• [Given material]
===============
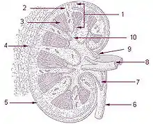 - Cortexul renal, aflat între capsula renală și medula renală; ajută la ultrafiltrarea renală.
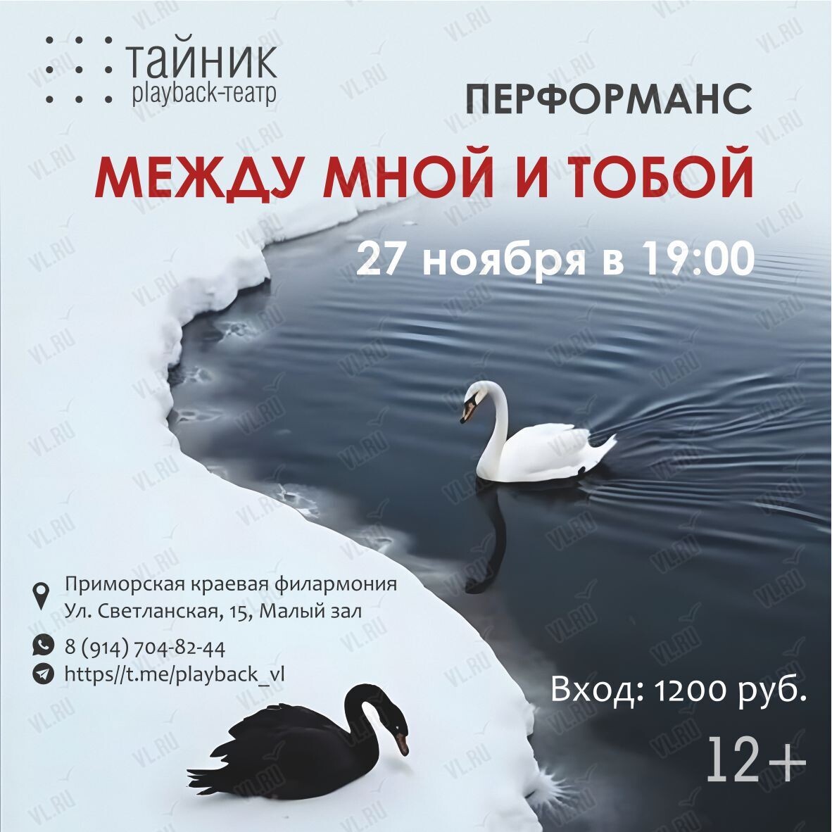 27 ноября на малой сцене Приморской филармонии плейбэк-театр «Тайник» представит перформанс «Между мной и тобой»!
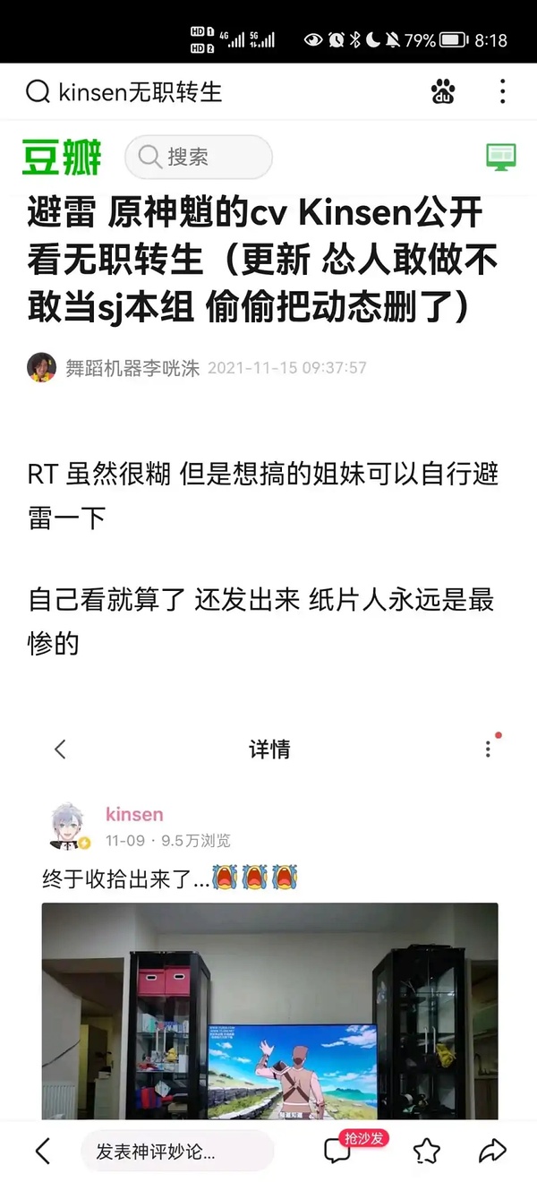 最近因为原神的某个声优发了一张无职转生的截图引起了不小的争议,原神专组也在争吵这件事……这才引得我看看这个小组是不是还有活人在吵……
===============
• [Work item] Output the span from the line with "27 ноября на" through the last line of the data, inclusive and exact, and omit every picture.

• [Answer to the exercise]
 27 ноября на малой сцене Приморской филармонии плейбэк-театр «Тайник» представит перформанс «Между мной и тобой»!
 最近因为原神的某个声优发了一张无职转生的截图引起了不小的争议,原神专组也在争吵这件事……这才引得我看看这个小组是不是还有活人在吵……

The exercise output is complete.